Adding a squeeze of fresh lime and a dash of salt to a lager or pilsner has long been Mexican tradition, and in the 1980s, this practice evolved into the refreshing beer cocktail known as michelada.
The popularity of the drink grew across Mexico and, thanks to the influx of immigrants, it translated well to restaurants and bars across the U.S. Today, even beer giant Anheuser-Busch sells a pre-made version and Mexican brands Modelo and Victoria are importing theirs. However, there is widespread confusion as to what exactly makes a genuine michelada.
There are a few theories behind the origin of the cocktail. Some claim it’s a contraction of “mi chela helada,” Spanish slang for my ice-cold beer. A more elaborate yet substantiated account says the cocktail was created at the bar of the Club Deportivo Potosino in San Luis Potosi, where club member Michel Esper would order his beer over ice and spiked with lime juice and salt. Eventually, other club members started asking for “la limonada de Michel,” until it finally came to be known as michelada.

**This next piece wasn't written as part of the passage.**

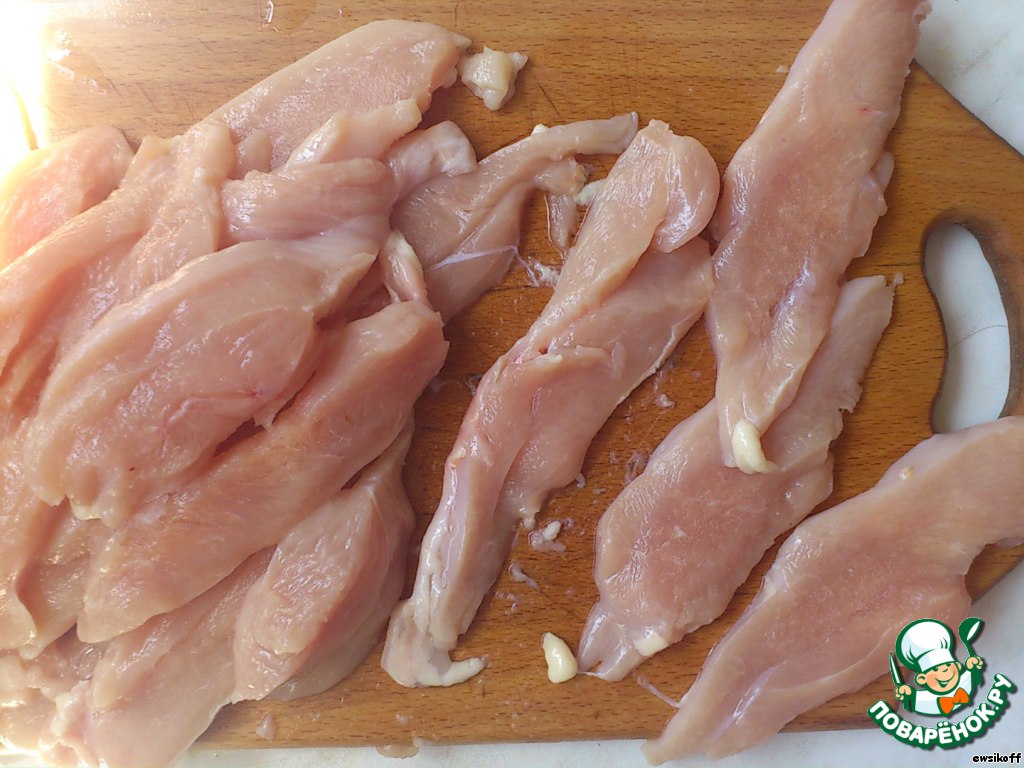 Куриное филе нарезать тонкими длинными полосками. У меня получилась 21 полоска.

In Mexico, the traditional michelada, also known as chelada, consists of a light-bodied beer seasoned with fresh lime juice, served over ice in a salt-rimmed glass. This is the most refreshing version, which goes down super easy on a hot summer day. But many variations exist, and there are as many recipes as there are bartenders and drinkers. For instance, a michelada cubana includes additional ingredients like Maggi seasoning sauce, Worcestershire sauce, soy sauce, bottled hot sauce, cayenne pepper, powdered chile piquin, or commercially available salt and chile blends. Some like to use liquid chamoy, a Mexican seasoning made from pickled plums, to make the salty rim stick to the glass.
Contrary to popular belief, tomato juice, Bloody Mary mix and Clamato are not traditional michelada ingredients. In Mexico, a beer with Clamato and spices is known as Clamato con cerveza, a popular cantina offering that’s perfect on a hot afternoon or as a tried and true remedy for the morning after. In my family we know this simply as un Clamatito. Adding Bloody Mary mix, whether store-bought or house-made, is a north-of-the-border invention, and it seems to have taken root as the most widely accepted recipe in the U.S.